All patient-reported outcome measures improved ( < .0001) up to 2 years after surgery. Apart from the significant increase ( = .004) in the peak isokinetic knee extensor LSI, no other patient-reported outcome measure or clinical score had changed significantly from 2 to 10 years. At the final follow-up, 92% of patients were satisfied with MACI to provide knee pain relief, with 76% satisfied with their ability to participate in sports. From 2 to 10 years, no significant change was seen for any MRI-based MOCART variable nor the overall MRI composite score. Of the 151 grafts reviewed via MRI at 10 years, 14 (9.3%) had failed, defined by graft delamination or no graft tissue on MRI scan. Furthermore, of the 36 patients (of the prospectively recruited 204) who were not available for longer-term review, 7 had already proceeded to total knee arthroplasty, and 1 patient had undergone secondary MACI at the same medial femoral condylar site because of an earlier graft failure. Therefore, 22 patients (10.8%) essentially had graft failure over the period. At the final follow-up, patients who underwent MACI in the tibiofemoral (vs patellofemoral) joint reported significantly better Knee injury and Osteoarthritis Outcome Score subscale scores for Quality of Life ( = .010) and Sport and Recreation ( < .001), as well as a greater knee extensor strength LSI ( = .002). Even though the tibiofemoral group demonstrated better 10-year MOCART scores for tissue infill ( = .027), there were no other MRI-based differences ( > .05).
This study reports the long-term review of a prospective series of patients undergoing MACI, demonstrating good clinical scores, high levels of patient satisfaction, and acceptable graft survivorship at 10 years. Patients undergoing tibiofemoral (vs patellofemoral) MACI reported better long-term clinical outcomes, despite largely similar MRI-based outcomes.
需要更大的队列在基质诱导的自体软骨细胞移植(MACI)后进行长期结果评估。此外,对于在髌股和胫股膝关节中进行的 MACI 的长期临床和影像学结果知之甚少。

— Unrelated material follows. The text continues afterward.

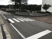 登校時、校舎側に渡る際に横断歩道がなかったため、交通安全上、とても危険な状況がありました。4月に警察署に横断歩道の設置を要望し、手続きや設置基準等もあり時間がかかりましたが、本日、玄関前に横断歩道が設置されました。

介绍 MACI 后患者 10 年的临床和影像学结果,并比较在髌股和胫股 MACI 中进行的患者的结果。
病例系列;证据水平,4 级。
2002 年 9 月至 2012 年 12 月,前瞻性地将 204 例接受 MACI 的患者注册到一个研究项目中,并在术前和术后 2、5 和 10 年进行评估。在这些患者中,168 例在 10 年时可进行临床复查,其中 151 例(共 182 例)移植物还通过磁共振成像(MRI)进行了评估。患者通过膝关节损伤和骨关节炎结果评分(Knee injury and Osteoarthritis Outcome Score)、疼痛频率和严重程度的视觉模拟量表、满意度以及最大等速膝关节伸肌和屈肌力量进行评估。为了评估力量测量,计算了肢体对称性指数(Limb Symmetry Index)。通过 MOCART(磁共振观察软骨修复组织)系统对 MRI 扫描中的移植物进行评分,重点是组织填充和整体 MRI 移植物复合评分。
所有患者报告的结果测量值(<.0001)均在手术后 2 年内得到改善。除了最大等速膝关节伸肌 LSI 显著增加(=.004)外,从 2 年到 10 年,没有其他患者报告的结果测量值或临床评分有显著变化。在最终随访时,92%的患者对 MACI 缓解膝关节疼痛感到满意,76%的患者对其参加运动的能力感到满意。从 2 年到 10 年,任何基于 MRI 的 MOCART 变量或整体 MRI 复合评分均未发生显著变化。在 10 年的 MRI 复查中,151 例移植物中有 14 例(9.3%)失败,定义为 MRI 扫描中存在移植物分层或无移植物组织。此外,在 204 例前瞻性招募的患者中,36 例(18.1%)无法进行长期复查,其中 7 例已经进行了全膝关节置换术,1 例因早期移植物失败在同一股骨内侧髁部位进行了二次 MACI。因此,22 例患者(10.8%)在这期间基本上出现了移植物失败。在最终随访时,在胫股(vs 髌股)关节接受 MACI 的患者报告了膝关节损伤和骨关节炎结果评分(Knee injury and Osteoarthritis Outcome Score)中生活质量(=.010)和运动和娱乐(<.001)的亚量表评分明显更好,以及更大的膝关节伸肌力量 LSI(=.002)。尽管胫股组的组织填充 MOCART 评分(=.027)更好,但其他基于 MRI 的结果没有差异(>.05)。
本研究报告了前瞻性系列患者接受 MACI 的长期回顾,结果显示良好的临床评分、患者满意度高和可接受的移植物存活率在 10 年时。尽管在髌股和胫股 MACI 中接受治疗的患者的长期临床结果存在差异,但接受胫股(vs 髌股)MACI 的患者的 MRI 结果基本相似。